Source: Burlington Free Press reverses Colchester land ruling

By Joel Banner Baird, Free Press Staff Writer • Monday, June 21, 2010

MONTPELIER -- Developers will not be required to pay compensation for about 11 acres of prime agricultural land they paved over in Colchester last year, the Vermont Supreme Court has ruled.

The decision reverses an earlier ruling by the state Environmental Court, which found that a forested swath of what is now Brookside Village merited the payment of "mitigation fees," which normally are invested in off-site land or housing conservation projects.

The $9.6 million complex sits next to the Winooski city line.
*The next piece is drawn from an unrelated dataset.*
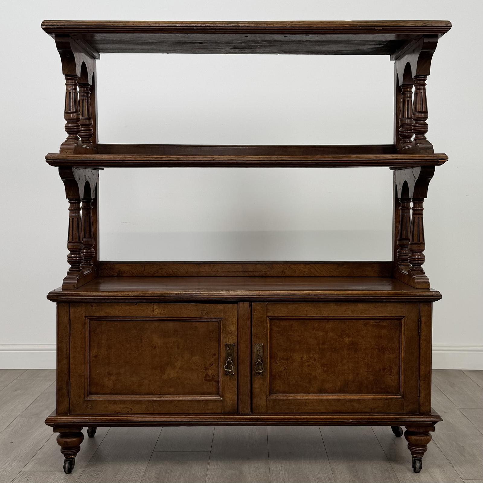 The upper section features two large open shelves, each with a gallery and supported by turned columns, creating a striking and practical display area. Below is a double-door cupboard offering useful enclosed storage.

It was developed by Village Associates LLC and completed earlier this year.

Without disputing the quality of the soils on the property, the Supreme Court's 4-1 decision states the Environmental Court did not adequately address the developer's claim that the cost of removing trees would present an insurmountable obstacle for any subsequent farm enterprise.

The Environmental Court was ordered to revisit the case.

Associate Justice Denise Johnson, who wrote the majority opinion, released Friday, noted that prime agricultural land legally includes land that can be forested -- and that trees, rather than an impediment to farming, might be considered a valuable crop.

Johnson also invoked a key phrase in Vermont law that likely will prompt further debate: Agricultural land to be protected must have "few limitations for cultivation or limitations which may be easily overcome."

The goals of Act 250, she wrote in the decision, "have always been balanced against the economic necessity of development, and the result has been collaboration between environmental and business interests as well as a practical approach to regulation."

Chief Justice dissented from the majority opinion, stating it "misinterprets the plain meaning and legislative intent of Act 250 by allowing cost to determine whether soils may be classified as primary agricultural soils."

"As cost is not a limitation the statute allows us to consider, the expense of overcoming a limitation is not open to consideration either," he wrote. Reiber also took issue with the majority's contention that development might trump the need for farmland, either now or in the future.

The process of classifying valuable soils is not supposed to be a compromise, he wrote, adding: "While the mitigation provision itself does allow primary agricultural soils to be destroyed in certain areas to permit smart, concentrated development, the majority overlooks the fact that, in enacting the mitigation provision, the Legislature was in no way lessening or weakening protections of primary agricultural soils."

Brookside Village was created through a partnership between Champlain Housing Trust and Housing Vermont. It consists mostly of townhouse-style duplexes and triplexes.